PETALING JAYA: Several women’s rights groups have urged the government to demonstrate seriousness in pursuing reforms that would protect women from stalking.
Acknowledging a government announcement that it was considering legislation to make stalking a crime, they said the matter must be treated with urgency.
Women’s Aid Organisation (WAO) advocacy director Yu Ren Chung described stalking as an offence that was more serious than many people would think, saying it could lead to harm and even murder.
WAO, in a 2013 report, documented 34 cases of domestic violence in Malaysia, 26% of which involved stalking.
It estimates that 250,000 Malaysian women have been stalked in their lifetime and it is collecting victims’ anecdotes to use in a campaign to raise awareness.
“Law reform on stalking must centre on the experiences of stalking survivors, and we thank all the survivors who have courageously agreed to share their experiences,” said Yu.
Nisha Sabanayagam, speaking for All Women’s Action Society, said the absence of a law against stalking was limiting the options available to women’s groups in their work of supporting victims.
About the only action they could take now was to provide counselling, she added.

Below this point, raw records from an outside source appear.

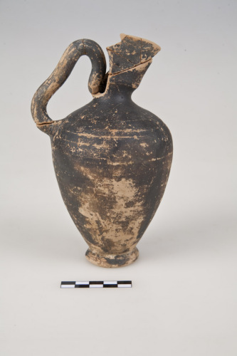 Oinochoe a becco schiacciato con pareti avvicinate, corpo ovoide con spalla obliqua espansa, breve collo concavo, piede ad anello distinto con piccolo umbone di tornitura sul fondo esterno, ansa a bastoncello a profilo sinuoso, impostata verticalmente sulla spalla e sul collo. L'argilla è di colore beige, vernice nero-bruna, opaca, diluita. Tracce di impronte digitali sul collo del piede.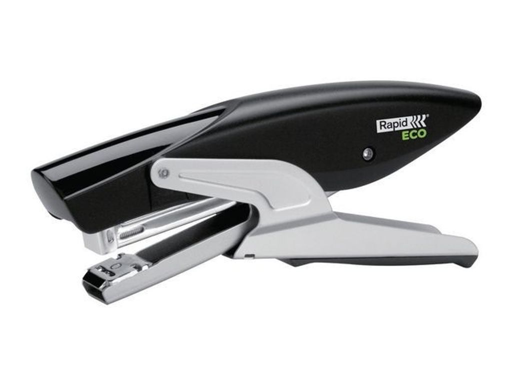 Stark, stabil och miljövänlig! Häfttång tillverkad av 80% återvunnen plast. Häfttången kan tas isär, så att delarna kan sorteras miljövänligt. Kapacitet: Upp till 20 ark och klarar häftklamrar 24/6 och 26/6. - Häftar upp till 10 pappersark (80 g) - Lätt att ta med - Använd 24/6 eller 26/6 Rapid Standard häftklamrar - 55 mm insättningsdjup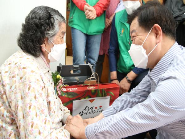 하안4동 지역사회보장협의체는 독거 어르신 5명에게 건강홍삼세트(50만원)을 전달하고 카네이션을 달아드리며 부모님의 은혜에 감사함을 전했다.
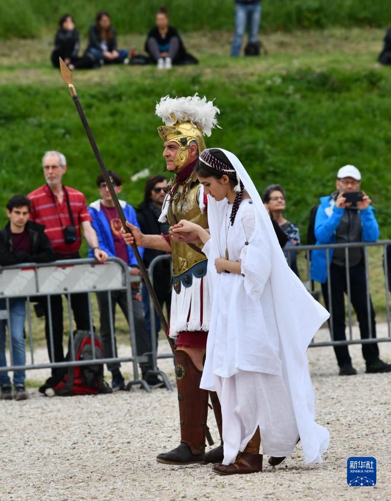 4月21日,人们在意大利罗马参加“重现”罗马建城的活动。

“We have an ongoing case in which a client’s ex-boyfriend would wait for her at her apartment complex, sends her messages that are creepy but not life threatening and generally makes her life so uncomfortable that she has had to move to a different state,” she said.

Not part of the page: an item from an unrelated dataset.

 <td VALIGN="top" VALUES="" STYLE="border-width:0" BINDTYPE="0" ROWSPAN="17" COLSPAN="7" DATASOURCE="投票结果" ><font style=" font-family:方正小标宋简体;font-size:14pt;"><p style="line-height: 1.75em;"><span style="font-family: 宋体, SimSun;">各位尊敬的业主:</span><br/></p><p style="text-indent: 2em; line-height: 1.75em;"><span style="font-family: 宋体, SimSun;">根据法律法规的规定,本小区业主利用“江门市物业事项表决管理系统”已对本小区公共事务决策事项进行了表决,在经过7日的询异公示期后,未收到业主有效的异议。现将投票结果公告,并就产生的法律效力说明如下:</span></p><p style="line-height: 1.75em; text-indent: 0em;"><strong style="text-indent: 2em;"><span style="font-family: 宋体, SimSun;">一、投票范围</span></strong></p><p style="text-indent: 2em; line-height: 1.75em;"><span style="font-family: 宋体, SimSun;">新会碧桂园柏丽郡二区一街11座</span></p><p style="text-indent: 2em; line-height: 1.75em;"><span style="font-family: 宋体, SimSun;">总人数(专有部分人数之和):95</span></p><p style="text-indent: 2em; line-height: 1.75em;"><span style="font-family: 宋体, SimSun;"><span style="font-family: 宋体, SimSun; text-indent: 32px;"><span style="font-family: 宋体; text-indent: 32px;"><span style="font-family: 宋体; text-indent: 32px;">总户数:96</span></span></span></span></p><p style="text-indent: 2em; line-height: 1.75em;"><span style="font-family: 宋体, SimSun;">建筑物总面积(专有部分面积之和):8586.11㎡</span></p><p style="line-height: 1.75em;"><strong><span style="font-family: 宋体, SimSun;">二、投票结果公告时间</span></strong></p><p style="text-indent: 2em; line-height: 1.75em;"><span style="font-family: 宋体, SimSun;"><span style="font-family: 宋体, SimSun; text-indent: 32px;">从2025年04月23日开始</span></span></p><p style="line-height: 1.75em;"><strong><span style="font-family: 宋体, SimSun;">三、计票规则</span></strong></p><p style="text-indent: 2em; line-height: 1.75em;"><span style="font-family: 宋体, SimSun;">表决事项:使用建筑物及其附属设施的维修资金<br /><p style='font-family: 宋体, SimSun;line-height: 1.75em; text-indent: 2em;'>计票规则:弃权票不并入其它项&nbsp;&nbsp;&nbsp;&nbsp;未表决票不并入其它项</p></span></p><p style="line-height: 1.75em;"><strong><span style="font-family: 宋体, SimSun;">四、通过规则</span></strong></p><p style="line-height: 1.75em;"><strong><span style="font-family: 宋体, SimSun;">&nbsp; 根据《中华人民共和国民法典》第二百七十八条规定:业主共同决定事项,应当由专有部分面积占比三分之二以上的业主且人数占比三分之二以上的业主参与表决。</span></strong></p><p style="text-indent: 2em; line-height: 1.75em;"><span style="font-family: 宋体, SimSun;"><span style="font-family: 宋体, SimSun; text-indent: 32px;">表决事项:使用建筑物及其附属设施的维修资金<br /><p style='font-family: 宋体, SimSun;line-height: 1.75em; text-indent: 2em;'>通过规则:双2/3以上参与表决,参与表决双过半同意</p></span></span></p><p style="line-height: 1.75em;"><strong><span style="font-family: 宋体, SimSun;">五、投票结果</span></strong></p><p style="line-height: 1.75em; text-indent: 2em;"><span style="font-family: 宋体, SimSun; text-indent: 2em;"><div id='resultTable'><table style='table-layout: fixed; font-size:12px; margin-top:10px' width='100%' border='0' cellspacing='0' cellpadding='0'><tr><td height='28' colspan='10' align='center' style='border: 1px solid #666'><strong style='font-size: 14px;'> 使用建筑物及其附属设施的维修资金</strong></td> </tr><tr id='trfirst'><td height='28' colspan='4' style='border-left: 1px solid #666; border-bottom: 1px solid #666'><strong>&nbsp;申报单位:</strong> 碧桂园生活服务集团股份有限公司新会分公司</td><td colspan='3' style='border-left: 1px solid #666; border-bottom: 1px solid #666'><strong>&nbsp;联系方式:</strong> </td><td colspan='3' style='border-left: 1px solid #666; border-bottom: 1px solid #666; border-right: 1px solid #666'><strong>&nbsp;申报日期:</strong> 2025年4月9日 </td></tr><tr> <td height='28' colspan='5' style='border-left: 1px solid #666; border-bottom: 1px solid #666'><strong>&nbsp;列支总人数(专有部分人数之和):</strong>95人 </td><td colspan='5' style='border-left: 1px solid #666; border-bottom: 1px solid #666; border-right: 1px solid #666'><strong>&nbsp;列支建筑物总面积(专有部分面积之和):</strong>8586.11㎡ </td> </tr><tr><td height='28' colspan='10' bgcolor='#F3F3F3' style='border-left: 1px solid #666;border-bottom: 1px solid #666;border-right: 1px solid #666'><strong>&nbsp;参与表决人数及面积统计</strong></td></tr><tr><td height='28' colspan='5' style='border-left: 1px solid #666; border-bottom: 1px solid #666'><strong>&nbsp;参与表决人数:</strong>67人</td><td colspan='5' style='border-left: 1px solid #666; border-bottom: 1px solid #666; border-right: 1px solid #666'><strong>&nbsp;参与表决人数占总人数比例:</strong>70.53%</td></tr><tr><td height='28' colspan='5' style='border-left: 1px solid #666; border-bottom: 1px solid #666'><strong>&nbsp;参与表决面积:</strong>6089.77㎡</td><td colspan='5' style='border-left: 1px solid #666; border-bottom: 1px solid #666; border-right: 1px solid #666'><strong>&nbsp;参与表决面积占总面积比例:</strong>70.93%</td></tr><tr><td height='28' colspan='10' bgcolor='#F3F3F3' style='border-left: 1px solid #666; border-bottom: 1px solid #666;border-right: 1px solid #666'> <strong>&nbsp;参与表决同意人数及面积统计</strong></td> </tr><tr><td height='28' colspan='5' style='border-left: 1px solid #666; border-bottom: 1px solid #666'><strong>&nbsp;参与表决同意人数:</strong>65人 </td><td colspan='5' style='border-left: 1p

“She has made a couple of police reports but because the perpetrator does not threaten her physically, the police cannot do much.”
Sabah Women’s Action Resource Group president Winnie Yee said she worried that the enforcement of the anticipated law might be lax in the rural areas of East Malaysia.
“In Sabah, one of the biggest problems is that we are not well covered,” she said.
She called for cooperation between the police, hospitals and agencies set up to protect women and children.
Former law minister Liew Vui Keong last year proposed a law to criminalise stalking and intrusion of privacy.
Last month, Women, Family and Community Development Minister Rina Harun told Parliament the prime minister’s office was preparing a paper on the issue.